If we return this, Citron will unwind the stack appropriately, push the semantic value we return onto the stack, thereby capturing the error, and continue parsing.
-
.dontCapture
:We use this to ask Citron to abort error capturing at this particular token.
If we return this, Citron will not capture the error at this synchronization point, and will try again at a subsequent synchronization point.
Strategy
Choosing non-terminals for error capturing
Not every non-terminal in the grammar might need error capturing enabled.
A non-terminal picked for error capturing should, ideally:
- Have one or more natural synchronizing points consistent with the grammar (or it should be a grammar-ending non-terminal)
- Represent a user-facing entity that error messages can talk about
Some other points to consider:
-
It might be useful to make sure that all parsing errors go through the
errorCaptureDelegate
. One way to do that is to ensure that the start symbol has error capturing enabled. -
If a non-terminal is contained within another non-terminal, with both being error-capturing non-terminals, in case an error occurs while parsing the inner non-terminal, Citron will try to capture the error only on the inner non-terminal.
Making semantic types support error states
In case we’d like to be able to get a partial parse tree from erraneous input, we should update the type definitions of our tree nodes to accomodate that.
In case we don’t want a partial parse tree, but are looking at error
capturing to provide better error messages, and multiple errors in one
pass, we can just use an optional type and use the nil
value to
represent an error state.
Examples
A few examples of how Citron is used for parsing can be found in the “examples” folder in the project repository.
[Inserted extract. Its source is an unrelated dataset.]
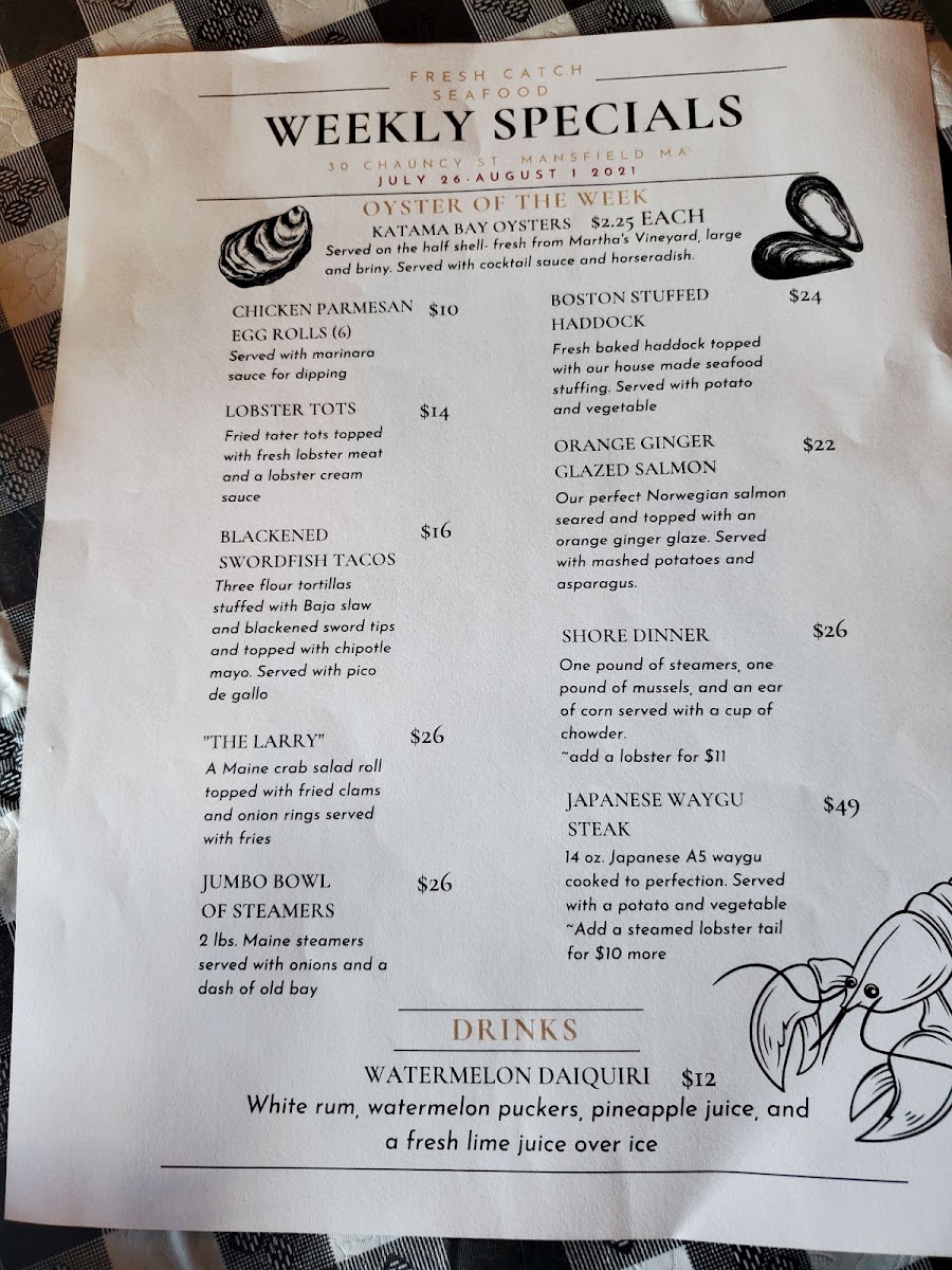 Welcome to Fresh Catch, a culinary treasure located at 30 Chauncy St #4 in Mansfield, MA. This seafood haven is where freshness meets flavor, providing an unparalleled dining experience that leaves both locals and visitors raving. With a focus on quality, the menu offers an array of beloved seafood staples, from succulent lobster to perfectly breaded haddock, each dish crafted with care and skill.

The examples with a “_ec” suffix support error capturing.
These are the two examples with error capturing enabled:
-
This is an arithmetic expression parser that parses an expression in infix notation, parses it and outputs it in lisp-style prefix notation.
For example:
$ ./expr "(1 + 2) * (3 + 4)" Prefix notation: (* (+ 1 2) (+ 3 4))
It detects multiple errors in one go, gives out contextual error messages and can produce a partial parse tree (and therefore a partial prefix notation output):
$ ./expr "1 + ($ * 4" Error: Expecting an integer or parenthesized expression 1 + ($ * 4 ^ Error: Parenthesis not closed 1 + ($ * 4 ^ Prefix notation: (+ 1 (* ? 4)?)
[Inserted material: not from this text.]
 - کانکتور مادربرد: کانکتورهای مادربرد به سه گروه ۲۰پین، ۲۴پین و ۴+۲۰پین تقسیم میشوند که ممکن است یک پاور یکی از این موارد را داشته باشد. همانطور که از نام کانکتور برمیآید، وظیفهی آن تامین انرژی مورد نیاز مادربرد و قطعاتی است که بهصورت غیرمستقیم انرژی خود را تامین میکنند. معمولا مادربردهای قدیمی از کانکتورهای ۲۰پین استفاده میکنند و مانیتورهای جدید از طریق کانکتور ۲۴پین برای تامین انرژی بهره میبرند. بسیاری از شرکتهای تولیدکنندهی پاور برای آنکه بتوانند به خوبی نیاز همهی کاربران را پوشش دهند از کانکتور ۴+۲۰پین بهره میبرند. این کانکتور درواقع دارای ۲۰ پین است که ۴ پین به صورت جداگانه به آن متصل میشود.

$ ./expr "1 + + 2 3 - 4 5 * (" Error: Expecting an integer or parenthesized expression 1 + + 2 3 - 4 5 * ( ^ Error: Expecting an operator: +, -, *, or / 1 + + 2 3 - 4 5 * ( ^ Error: Expecting an integer or parenthesized expression 1 + + 2 3 - 4 5 * ( ^ Prefix notation: (- (+ 1 2?) (* 4? ?))
-
This parses Swift function headers and produces the type of the function.
For example:
$ ./functype "func add(a: Int, b: Int) -> Int" Function type is: (Int, Int) -> Int
It detects multiple errors in one go and gives out contextual error messages:
$ ./functype "func add(a: Int, b, c) ->" 1: error: expected ':' after parameter name. func add(a: Int, b, c) -> ^ 1: error: expected ':' after parameter name. func add(a: Int, b, c) -> ^ 1: error: expected result type. func add(a: Int, b, c) -> ^